Governance a key issue in first report on charity compliance

Posted by on 12/05/2015

In the first report issued by the ACNC on compliance activity by charities, Charity Compliance Report: December 2012—December 2014 and Beyond, 72 per cent of concerns that were substantiated and addressed by the ACNC were about breaches of the ACNC governance standards.

Of 1,307 concerns raised with the ACNC, 786 were resolved by the ACNC Advice Team, 521 were addressed in detail by the Compliance Team and 96 were the subject of a compliance case. With 67 per cent of complaints made by members of the public, it is clear that protecting public trust and confidence in Australia’s not-for-profit sector remains a high priority. The report shows that $100 million in charitable assets were protected.

However, revealing how clarity about good governance frameworks is yet to permeate the sector, issues such as charitable resources being used inappropriately for the private benefit of individuals controlling the charity or their associates; charities failing to follow their constitutions and not being transparent or accountable to members; and possible financial mismanagement and fraud within a charity were the most common concerns.

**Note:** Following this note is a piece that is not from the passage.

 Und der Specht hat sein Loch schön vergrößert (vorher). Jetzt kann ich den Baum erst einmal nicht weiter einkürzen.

The analysis shows that while the majority of complaints came from the public, a further 18 per cent of concerns raised came from other government agencies and 15 per cent were identified from ACNC internal processes. While large charities only make up 17 per cent of registered charities, one-quarter (26 per cent) of concerns were raised about such charities (with revenue greater than $1 million). This reveals a specific area of focus for improving governance standards.

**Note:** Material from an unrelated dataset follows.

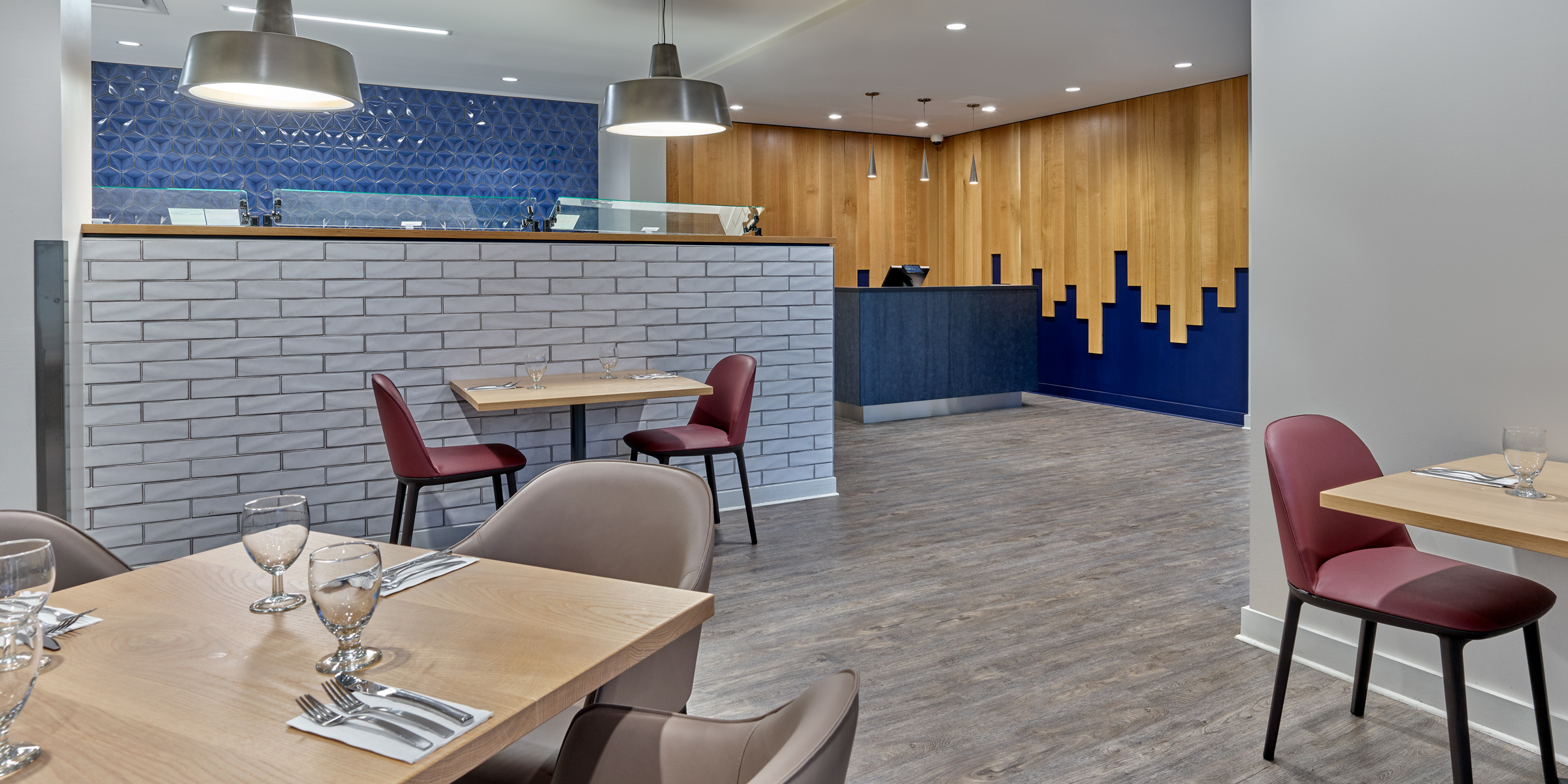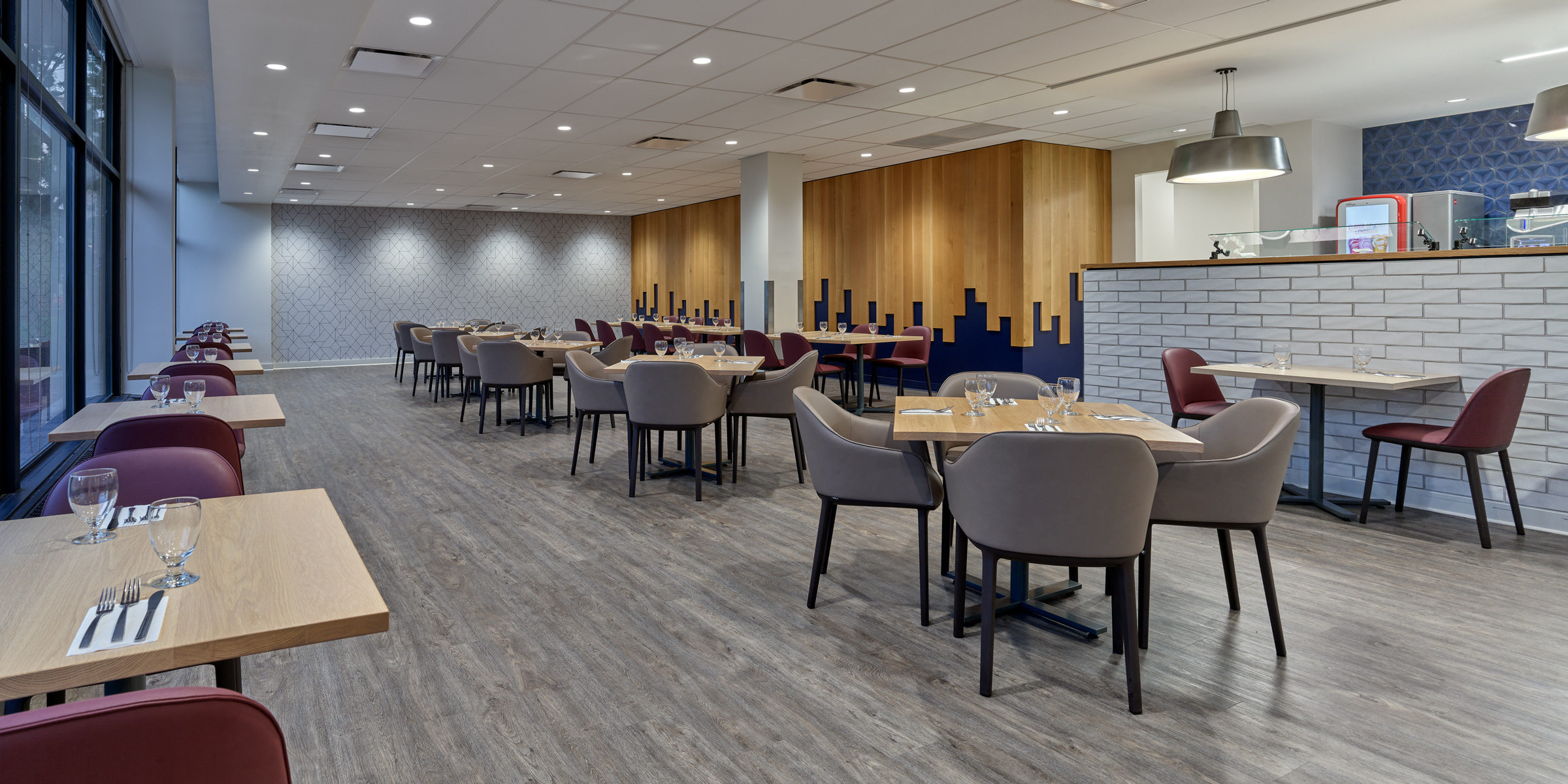 To differentiate the entrance from the student dining hall, D2 upgraded the existing aluminum facade, blanketing it in cherry-red for stunning visibility. A new staircase and ramp leads guests into the moody and sleek interior. In the daylight, large panels of glass allow natural light inside, revealing a fresh mix of neutral wood tones and saturated accents for a space that is as cozy as it is refined. At night, the soft glow of upgraded lighting illuminates from within, inviting guests to come in and take a seat.

Sixty-two per cent of the charities subject to complaints have Deductible Gift Recipient status or operate a DGR fund, but only 32 per cent of registered charities have DGR status or operate a DGR fund.

Other issues that gave rise for concern included charities that appear to be harming their beneficiaries and sham charities soliciting funds, and fundraising scams generally.

By early 2015, nine charities had their charity status revoked through investigations. The ACNC gave one warning, issued one direction and entered into one enforceable undertaking.

The report is available on the ACNC website.

The ACNC has also released to the public the financial information of nearly 23,000 Australian charities. The public can access the information that has been provided by registered charities as part of their 2014 Annual Information Statements on the Charity Register. The ACNC is keen to increase the transparency of the sector. Accompanying the release is a new factsheet on interpreting the data, as the ACNC is keen that the public understand how to interpret the information available. For example, administration costs have always been a point of interest for donors and researchers and the factsheet aims to explain administration costs and why they are not a comprehensive or reliable measure of a charity’s work and its outcomes.

To search the ACNC Charity Register, visit acnc.gov.au/findacharity.